> _WHAT YOU WILL DO_
From the first line of the listing below to the line containing "32,5 x 22,5 cm.", write out everything exactly. No pictures.

> _DATASET_
BEGIN
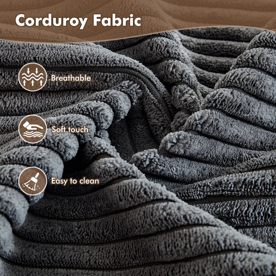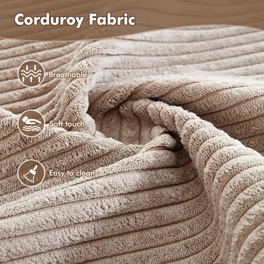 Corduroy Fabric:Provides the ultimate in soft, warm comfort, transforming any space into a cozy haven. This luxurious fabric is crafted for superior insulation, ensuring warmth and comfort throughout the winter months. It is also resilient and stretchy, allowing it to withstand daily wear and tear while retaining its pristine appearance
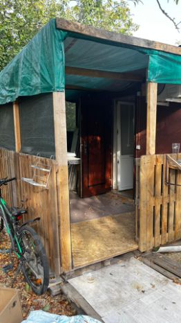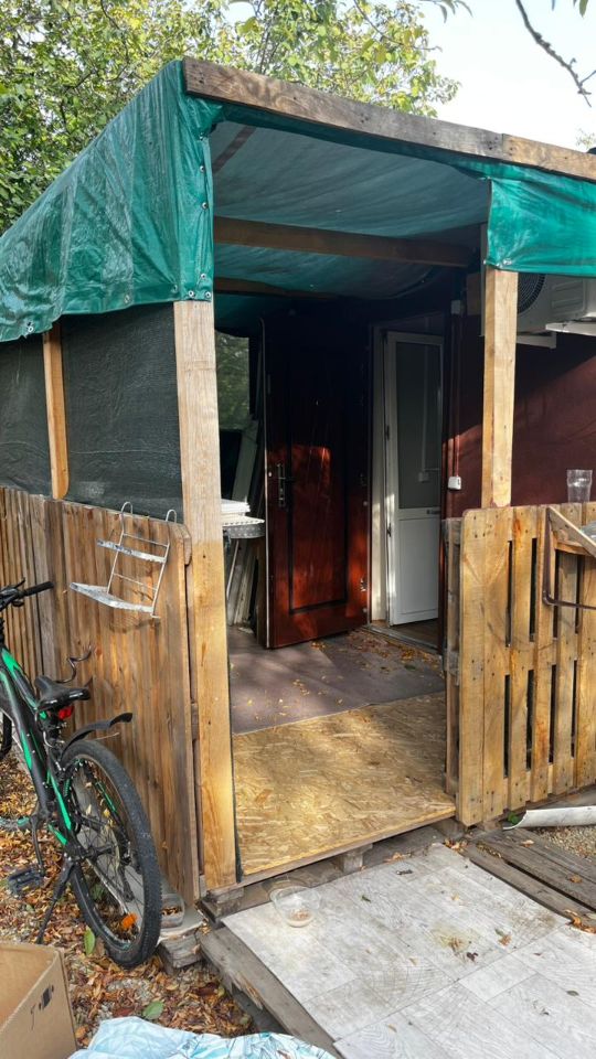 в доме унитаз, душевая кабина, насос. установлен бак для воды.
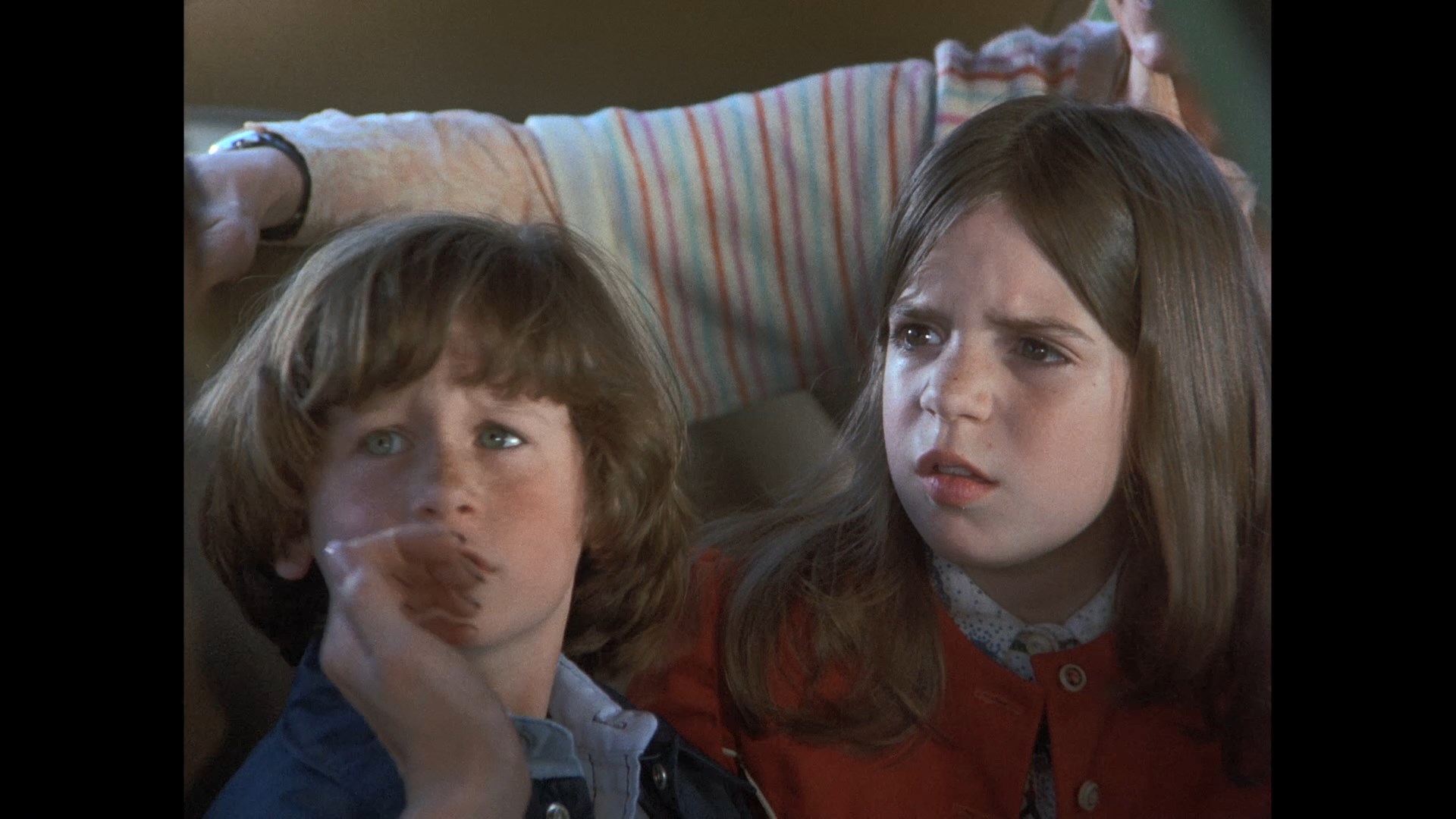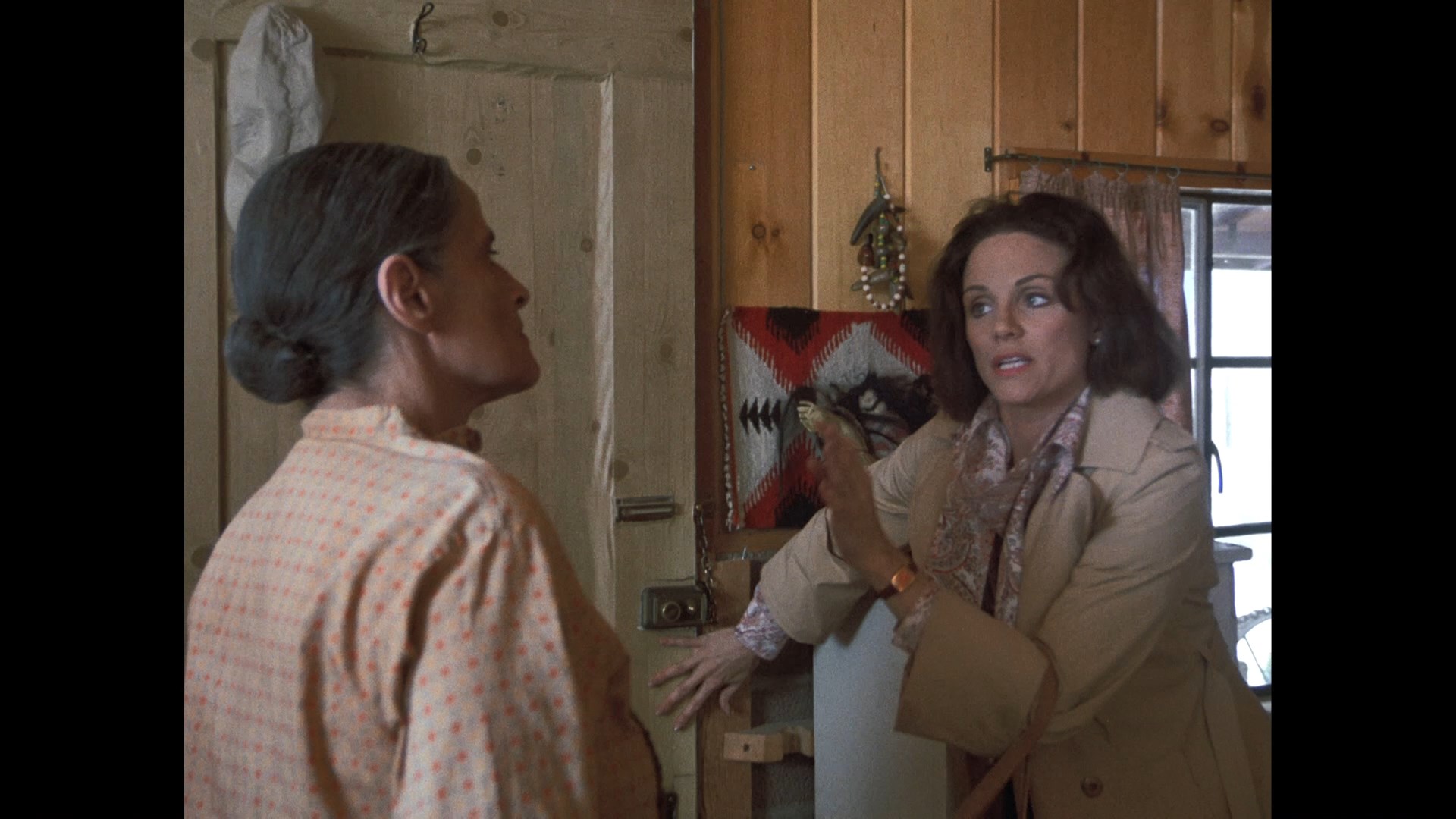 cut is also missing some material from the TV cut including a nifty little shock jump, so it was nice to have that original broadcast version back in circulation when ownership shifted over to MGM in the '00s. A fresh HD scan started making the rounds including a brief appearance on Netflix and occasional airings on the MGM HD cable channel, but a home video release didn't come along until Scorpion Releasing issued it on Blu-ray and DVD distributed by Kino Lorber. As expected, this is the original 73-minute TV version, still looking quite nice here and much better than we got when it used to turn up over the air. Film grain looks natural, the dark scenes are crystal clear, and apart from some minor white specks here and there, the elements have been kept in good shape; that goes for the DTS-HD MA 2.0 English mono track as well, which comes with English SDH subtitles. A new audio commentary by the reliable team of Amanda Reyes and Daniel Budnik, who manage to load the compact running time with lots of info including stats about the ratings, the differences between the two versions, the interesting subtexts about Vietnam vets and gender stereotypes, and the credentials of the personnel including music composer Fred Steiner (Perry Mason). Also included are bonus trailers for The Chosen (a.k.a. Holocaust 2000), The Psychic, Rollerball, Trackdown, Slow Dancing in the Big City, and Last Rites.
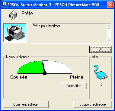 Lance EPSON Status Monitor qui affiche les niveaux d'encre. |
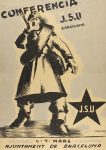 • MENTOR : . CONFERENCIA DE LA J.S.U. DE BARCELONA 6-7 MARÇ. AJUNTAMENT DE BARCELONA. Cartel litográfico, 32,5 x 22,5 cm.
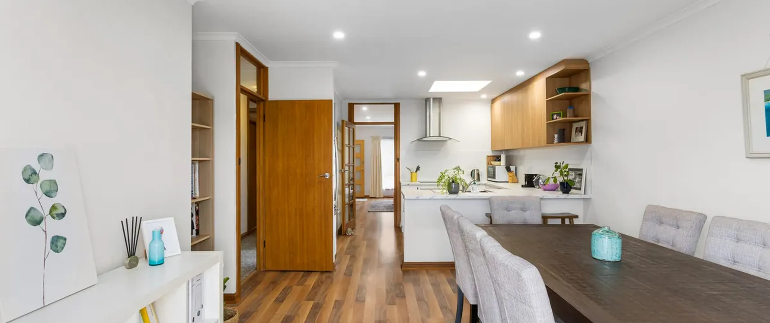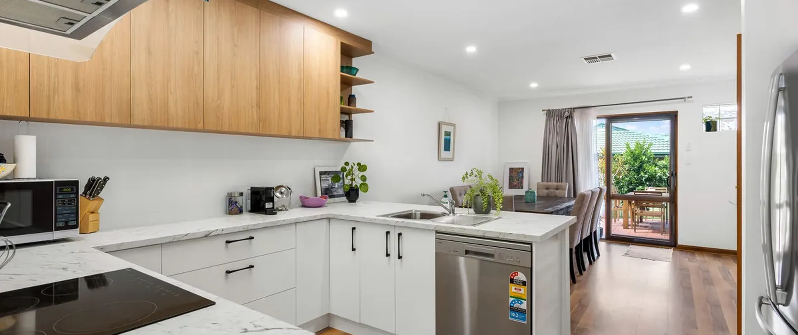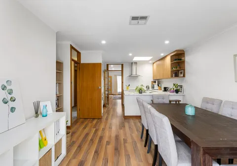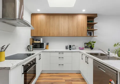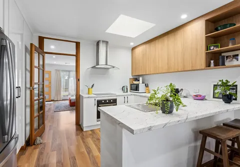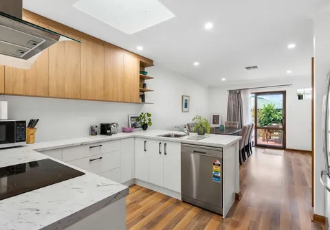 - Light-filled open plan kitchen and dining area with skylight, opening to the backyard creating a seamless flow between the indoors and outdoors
END
> _SOLUTION TO THE PROBLEM_
 Corduroy Fabric:Provides the ultimate in soft, warm comfort, transforming any space into a cozy haven. This luxurious fabric is crafted for superior insulation, ensuring warmth and comfort throughout the winter months. It is also resilient and stretchy, allowing it to withstand daily wear and tear while retaining its pristine appearance
 в доме унитаз, душевая кабина, насос. установлен бак для воды.
 cut is also missing some material from the TV cut including a nifty little shock jump, so it was nice to have that original broadcast version back in circulation when ownership shifted over to MGM in the '00s. A fresh HD scan started making the rounds including a brief appearance on Netflix and occasional airings on the MGM HD cable channel, but a home video release didn't come along until Scorpion Releasing issued it on Blu-ray and DVD distributed by Kino Lorber. As expected, this is the original 73-minute TV version, still looking quite nice here and much better than we got when it used to turn up over the air. Film grain looks natural, the dark scenes are crystal clear, and apart from some minor white specks here and there, the elements have been kept in good shape; that goes for the DTS-HD MA 2.0 English mono track as well, which comes with English SDH subtitles. A new audio commentary by the reliable team of Amanda Reyes and Daniel Budnik, who manage to load the compact running time with lots of info including stats about the ratings, the differences between the two versions, the interesting subtexts about Vietnam vets and gender stereotypes, and the credentials of the personnel including music composer Fred Steiner (Perry Mason). Also included are bonus trailers for The Chosen (a.k.a. Holocaust 2000), The Psychic, Rollerball, Trackdown, Slow Dancing in the Big City, and Last Rites.
 Lance EPSON Status Monitor qui affiche les niveaux d'encre. |
 • MENTOR : . CONFERENCIA DE LA J.S.U. DE BARCELONA 6-7 MARÇ. AJUNTAMENT DE BARCELONA. Cartel litográfico, 32,5 x 22,5 cm.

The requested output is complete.